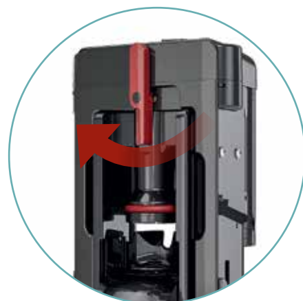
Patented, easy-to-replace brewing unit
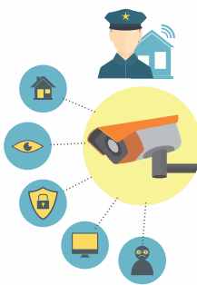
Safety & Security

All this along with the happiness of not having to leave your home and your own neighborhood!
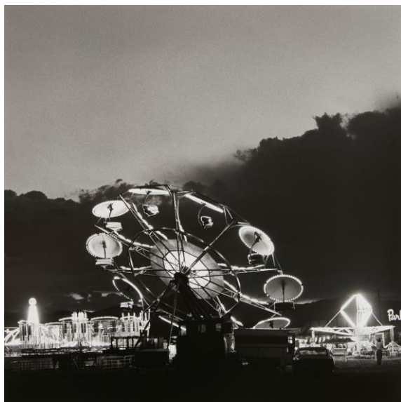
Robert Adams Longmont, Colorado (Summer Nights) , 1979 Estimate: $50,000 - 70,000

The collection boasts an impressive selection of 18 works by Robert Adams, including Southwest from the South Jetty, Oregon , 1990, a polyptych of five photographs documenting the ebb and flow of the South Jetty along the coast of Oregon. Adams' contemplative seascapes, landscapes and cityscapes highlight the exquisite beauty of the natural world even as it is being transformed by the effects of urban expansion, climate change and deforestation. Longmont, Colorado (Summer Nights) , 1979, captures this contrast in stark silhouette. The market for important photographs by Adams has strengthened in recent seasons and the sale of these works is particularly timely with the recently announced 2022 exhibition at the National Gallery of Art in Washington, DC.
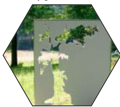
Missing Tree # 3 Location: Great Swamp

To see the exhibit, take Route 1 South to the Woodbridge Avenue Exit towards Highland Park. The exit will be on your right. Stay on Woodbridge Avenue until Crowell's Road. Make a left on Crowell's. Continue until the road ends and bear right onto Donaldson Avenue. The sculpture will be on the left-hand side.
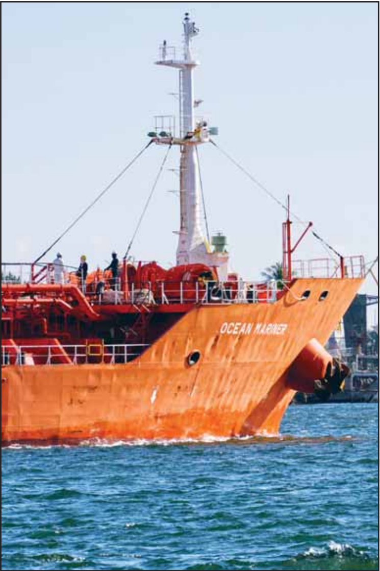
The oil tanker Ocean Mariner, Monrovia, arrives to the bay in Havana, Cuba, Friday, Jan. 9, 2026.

________________________________________

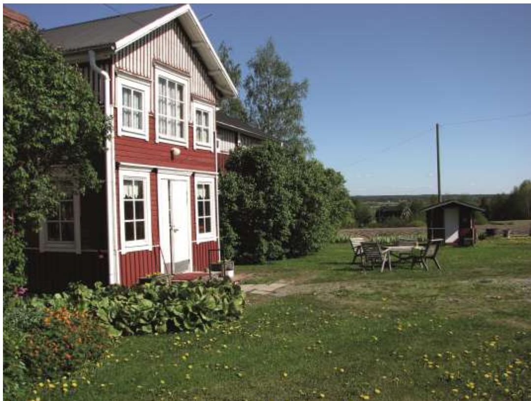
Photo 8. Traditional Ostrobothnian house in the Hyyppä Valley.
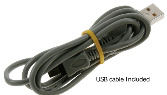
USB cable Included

________________________________________

Everything from the line with "Patented, easy-to-replace brewing unit" down to the line with "Robert Adams Longmont, Colorado" in the data above should be copied exactly, with both end lines kept and the pictures left out.

#### Response to the exercise:
Patented, easy-to-replace brewing unit
Safety & Security

All this along with the happiness of not having to leave your home and your own neighborhood!
Robert Adams Longmont, Colorado (Summer Nights) , 1979 Estimate: $50,000 - 70,000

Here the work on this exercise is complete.